*Given information:*
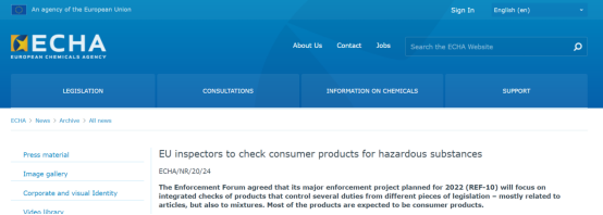 官方鏈接:https://echa.europa.eu/-/eu-inspectors-to-check-consumer-products-for-hazardous-substances
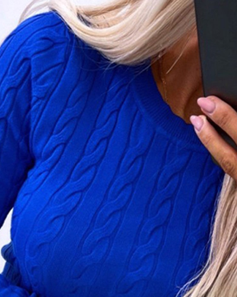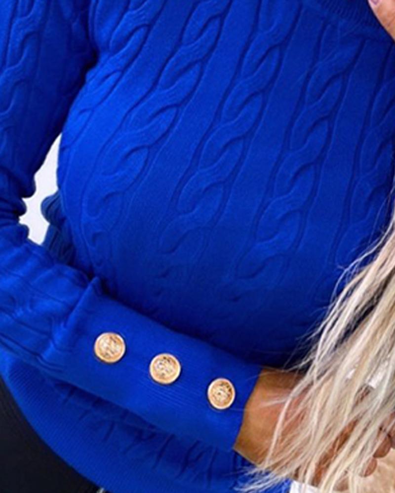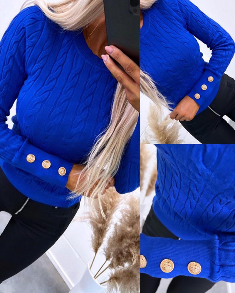 O neck Long Sleeve Buttoned Braided Knit Sweater
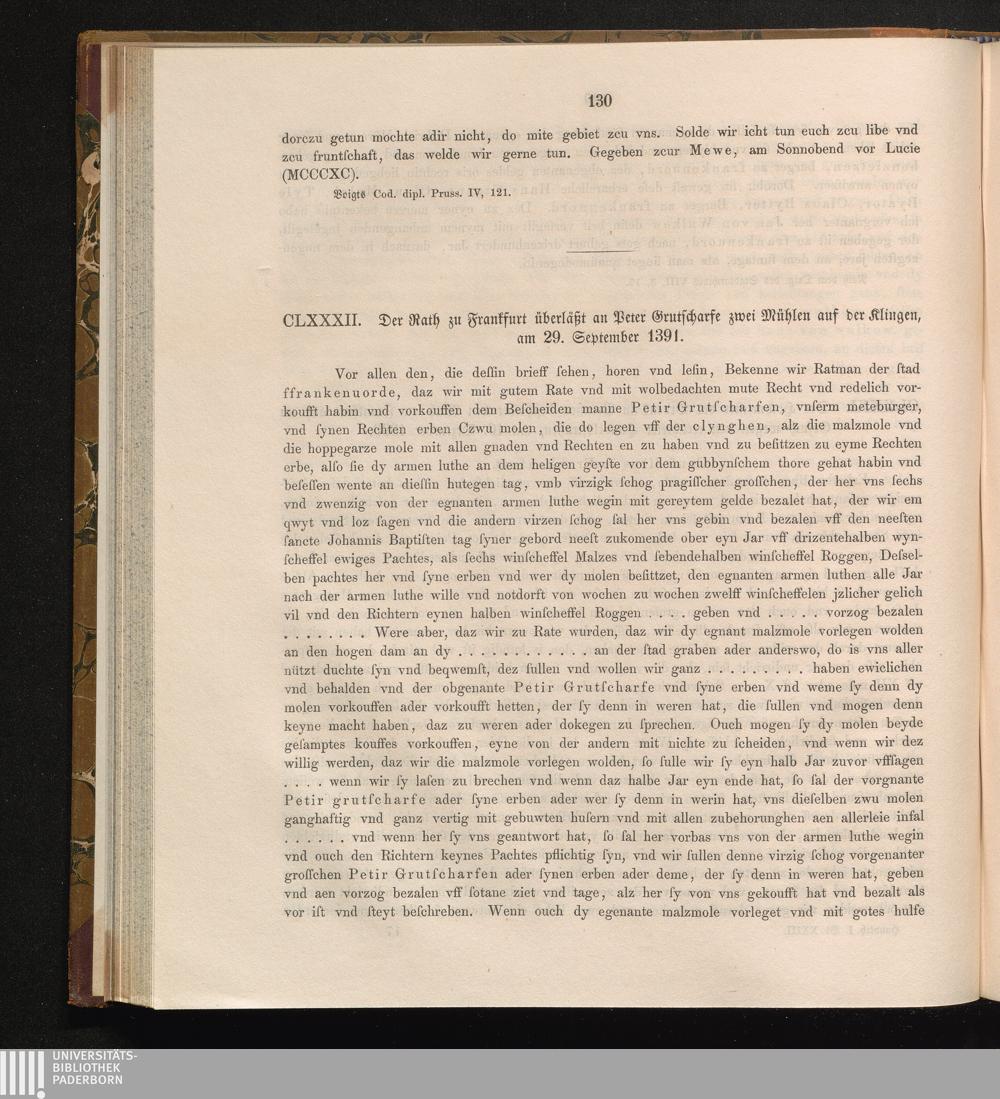 CLXXXII. Der Rath zu Frankfurt überläßt an Peter Grutscharfe zwei Mühlen auf der[...]
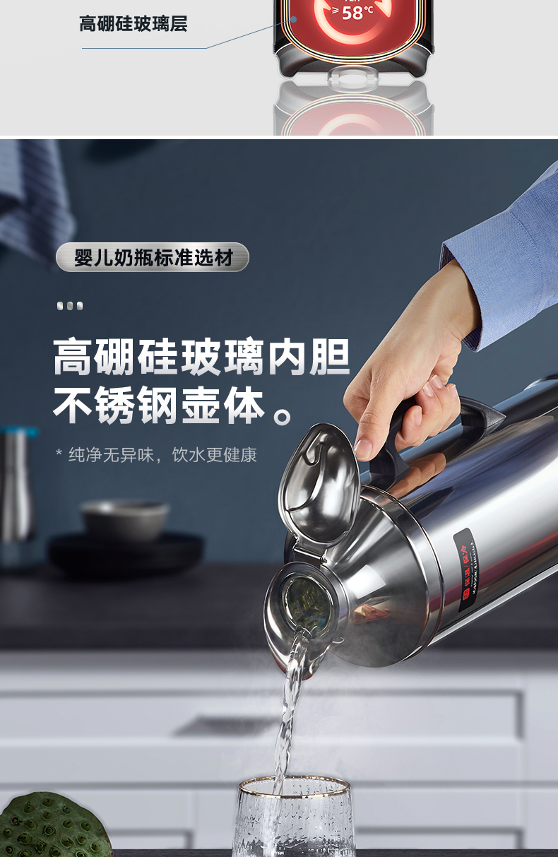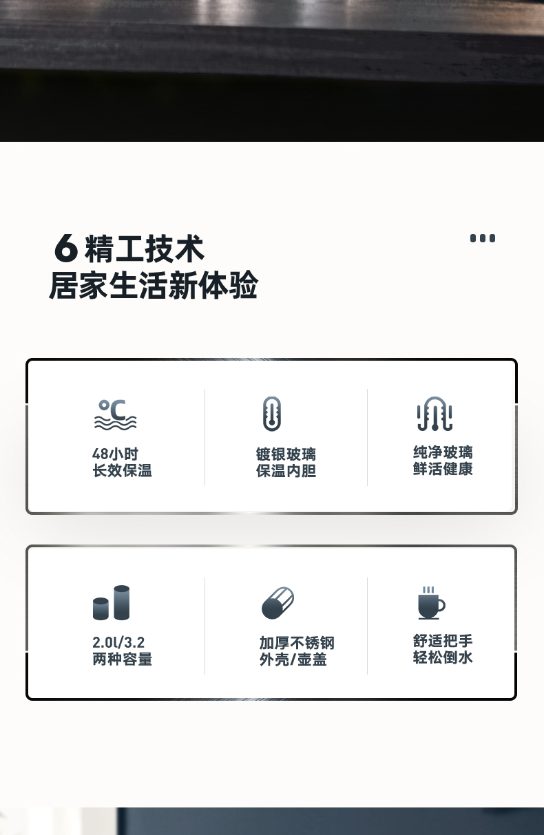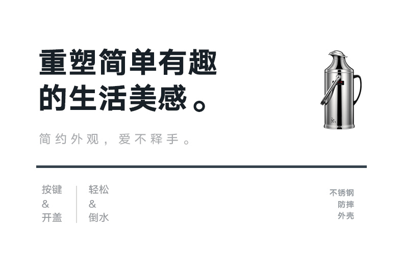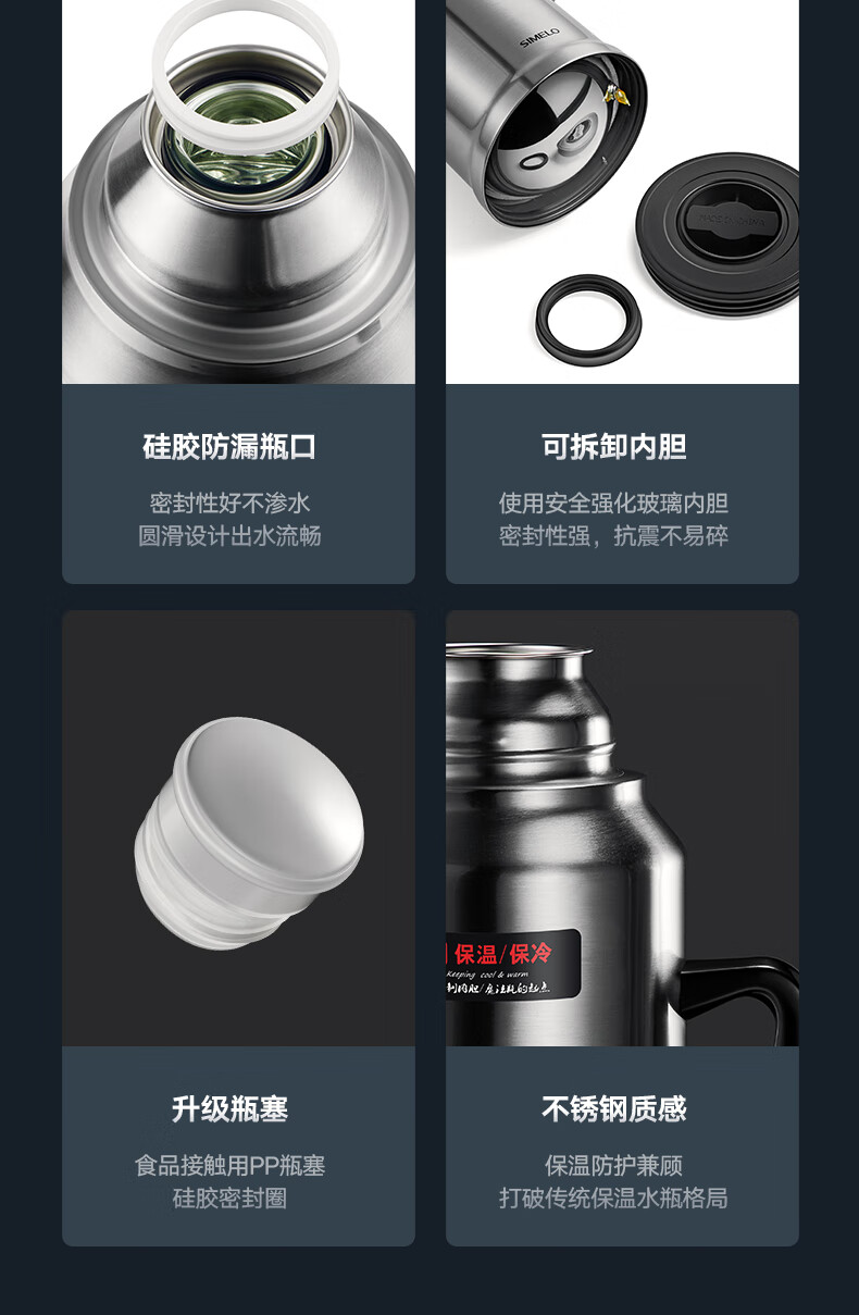 SIMELO保溫壺精鋼玻璃內(nèi)膽熱水瓶大容量暖壺保溫瓶開(kāi)水瓶3.2L亮光
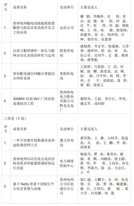 近日,貴州省電機(jī)工程學(xué)會(huì)公布《關(guān)于公布2017年度貴州省電力科技獎(jiǎng)的通知》,通知中稱,根據(jù)專業(yè)組初評(píng)意見(jiàn),2017年11月21日,科技獎(jiǎng)勵(lì)辦法評(píng)審專家委員會(huì)對(duì)專業(yè)組推薦成果進(jìn)行審查和表決,同意對(duì)“基于實(shí)時(shí)波形壓縮的過(guò)電壓監(jiān)測(cè)及工程應(yīng)用”“貴州電網(wǎng)輸電線路災(zāi)害預(yù)警與防災(zāi)輔助決策平臺(tái)研究”等18項(xiàng)科技進(jìn)步成果、“貴州電網(wǎng)220kV主變保護(hù)裝置升級(jí)改造及定值策略優(yōu)化研究及應(yīng)用”“貴州電網(wǎng)輸電線路地質(zhì)隱患勘察與防治決策系統(tǒng)開(kāi)發(fā)及工程應(yīng)用”等14項(xiàng)技改貢獻(xiàn)成果、“基于防護(hù)光纜布線裝置研究與應(yīng)用”“35千伏電壓互感器熔斷器安裝座的研制”等11項(xiàng)職工技術(shù)創(chuàng)新成果進(jìn)行公布并予以表彰。
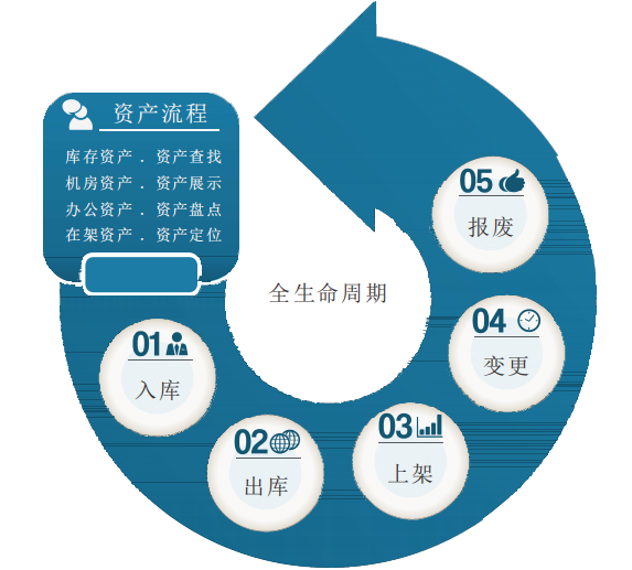 資產(chǎn)管理系統(tǒng),以數(shù)據(jù)中心資產(chǎn)生命全周期為管理基礎,深度切合實際管控需求,實現(xiàn)資產(chǎn)從采購、出入庫、上下架、變更、處置、調撥等環(huán)節(jié)的全生命周期管控。同時通過獨特的資產(chǎn)U位精準級定位、可視化操作、移動管理、資產(chǎn)維保管理等功能運用,實現(xiàn)數(shù)據(jù)中心資產(chǎn)運維管理向規(guī)范化、智能化、精細化、可視化的全面發(fā)展。
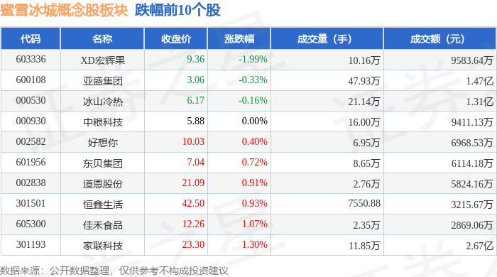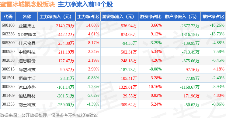 从资金流向上来看,当日蜜雪冰城概念股板块主力资金净流出2769.06万元,游资资金净流入7426.82万元,散户资金净流出4657.76万元。蜜雪冰城概念股板块个股资金流向见下表:
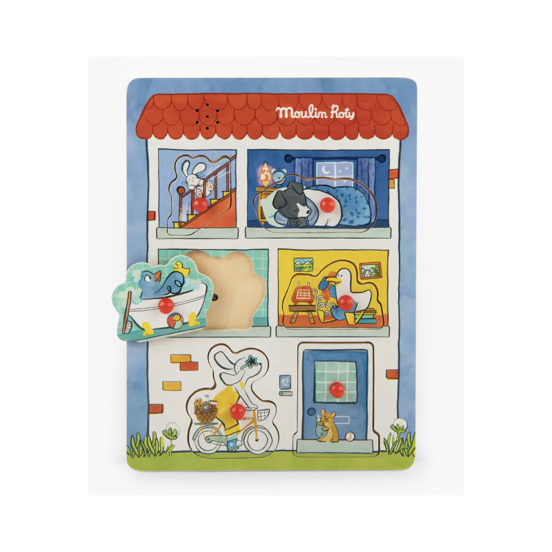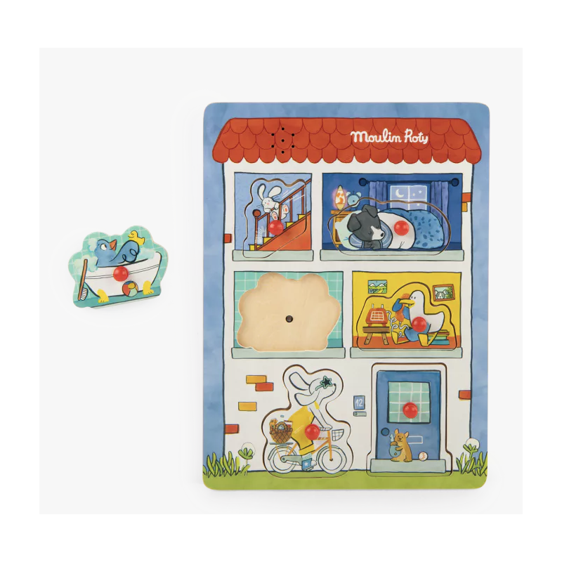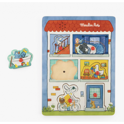 Puzzle sonore pour s'éveiller à la musique de manière ludique. Replace les 6 pièces en bois qui composent la maison de Puce & Pilou en y découvrant les sons du quotidien : sonnette, téléphone... Permet aussi d'appréhender les formes et les couleurs.
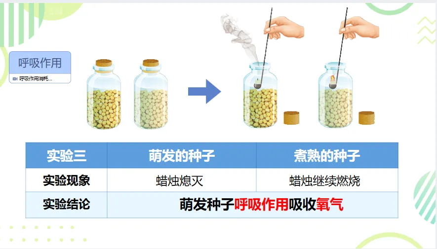 生: 因为瓶子里没有氧气了,被种子用掉了。
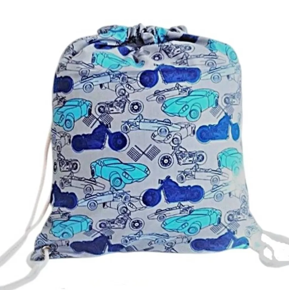 Turnbeutel, Rucksack blau mit Auto-Motiv, personalisierbar
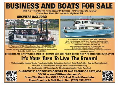 The best offer list price for the boat or boats only (and not the business) is based on the boat or boats relocating from the Atlantic Highlands / Highlands / Bayshore / Two Rivers area, Including Keyport and Perth Amboy. There will be a 1 year no compete clause. If the boat or boats stay in the area as described above there will be a surcharge added to the sale price.

*Exercise details:* Reproduce exactly the part of the records above that begins at the line holding "CLXXXII. Der Rath" and ends at the final line, both included, leaving out the pictures.

*Expected answer:*
 CLXXXII. Der Rath zu Frankfurt überläßt an Peter Grutscharfe zwei Mühlen auf der[...]
 SIMELO保溫壺精鋼玻璃內(nèi)膽熱水瓶大容量暖壺保溫瓶開(kāi)水瓶3.2L亮光
 近日,貴州省電機(jī)工程學(xué)會(huì)公布《關(guān)于公布2017年度貴州省電力科技獎(jiǎng)的通知》,通知中稱,根據(jù)專業(yè)組初評(píng)意見(jiàn),2017年11月21日,科技獎(jiǎng)勵(lì)辦法評(píng)審專家委員會(huì)對(duì)專業(yè)組推薦成果進(jìn)行審查和表決,同意對(duì)“基于實(shí)時(shí)波形壓縮的過(guò)電壓監(jiān)測(cè)及工程應(yīng)用”“貴州電網(wǎng)輸電線路災(zāi)害預(yù)警與防災(zāi)輔助決策平臺(tái)研究”等18項(xiàng)科技進(jìn)步成果、“貴州電網(wǎng)220kV主變保護(hù)裝置升級(jí)改造及定值策略優(yōu)化研究及應(yīng)用”“貴州電網(wǎng)輸電線路地質(zhì)隱患勘察與防治決策系統(tǒng)開(kāi)發(fā)及工程應(yīng)用”等14項(xiàng)技改貢獻(xiàn)成果、“基于防護(hù)光纜布線裝置研究與應(yīng)用”“35千伏電壓互感器熔斷器安裝座的研制”等11項(xiàng)職工技術(shù)創(chuàng)新成果進(jìn)行公布并予以表彰。
 資產(chǎn)管理系統(tǒng),以數(shù)據(jù)中心資產(chǎn)生命全周期為管理基礎,深度切合實際管控需求,實現(xiàn)資產(chǎn)從采購、出入庫、上下架、變更、處置、調撥等環(huán)節(jié)的全生命周期管控。同時通過獨特的資產(chǎn)U位精準級定位、可視化操作、移動管理、資產(chǎn)維保管理等功能運用,實現(xiàn)數(shù)據(jù)中心資產(chǎn)運維管理向規(guī)范化、智能化、精細化、可視化的全面發(fā)展。
 从资金流向上来看,当日蜜雪冰城概念股板块主力资金净流出2769.06万元,游资资金净流入7426.82万元,散户资金净流出4657.76万元。蜜雪冰城概念股板块个股资金流向见下表:
 Puzzle sonore pour s'éveiller à la musique de manière ludique. Replace les 6 pièces en bois qui composent la maison de Puce & Pilou en y découvrant les sons du quotidien : sonnette, téléphone... Permet aussi d'appréhender les formes et les couleurs.
 生: 因为瓶子里没有氧气了,被种子用掉了。
 Turnbeutel, Rucksack blau mit Auto-Motiv, personalisierbar
 The best offer list price for the boat or boats only (and not the business) is based on the boat or boats relocating from the Atlantic Highlands / Highlands / Bayshore / Two Rivers area, Including Keyport and Perth Amboy. There will be a 1 year no compete clause. If the boat or boats stay in the area as described above there will be a surcharge added to the sale price.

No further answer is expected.